Our Bureau | | Updated on: Dec 06, 2021

A private security guard looks out from a window of the head office of Natco in the southern Indian city of Hyderabad March 13, 2012. India's move to strip German drugmaker Bayer of its exclusive rights to a cancer drug has set a precedent that could extend to other treatments, including modern HIV/AIDS drugs, in a major blow to global pharmaceutical firms, experts say. On Monday, the Indian Patent Office effectively ended Bayer's monopoly for its Nexavar drug and issued its first-ever compulsory license allowing local generic maker Natco Pharma to make and sell the drug cheaply in India. REUTERS/Krishnendu Halder (INDIA - Tags: HEALTH BUSINESS) | Photo Credit: KRISHNENDU HALDER

Natco Pharma was trading at ₹927.60 on the BSE

The shares of Natco Pharma Ltd gained over 3 per cent on Monday, after the company announced that it has received Emergency Use approval for Baricitinib tablets for Covid-19 treatment in India.

At 10:53 am, Natco Pharma was trading at ₹927.60 on the BSE, up ₹30.95 or 3.45 per cent. II hit an intra-day high of ₹935 and an intra-day low of ₹911.40. It had opened at ₹920 as against the previous close of ₹896.65.

 

On the NSE , it was trading at ₹927.20, up 30.85 or 3.44 per cent.
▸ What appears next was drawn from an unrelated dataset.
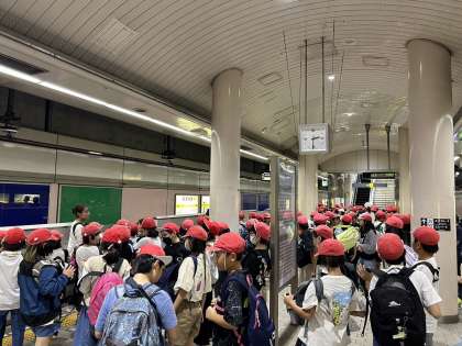 楽しい遠足も終わり、予定通りの電車で帰っています!

The company on Monday announced that it has received Emergency Use approval for Baricitinib tablets, 1mg, 2mg and 4mg strengths from Central Drugs Standard Control Organization (CDSCO) in India.

“Baricitinib in combination with Remdesivir is used for the treatment of COVID-19 positive patients. Natco will be requesting a Compulsory License based on emergency use and in light of the grave and serious public health emergency across India due to the Pandemic,” the company said.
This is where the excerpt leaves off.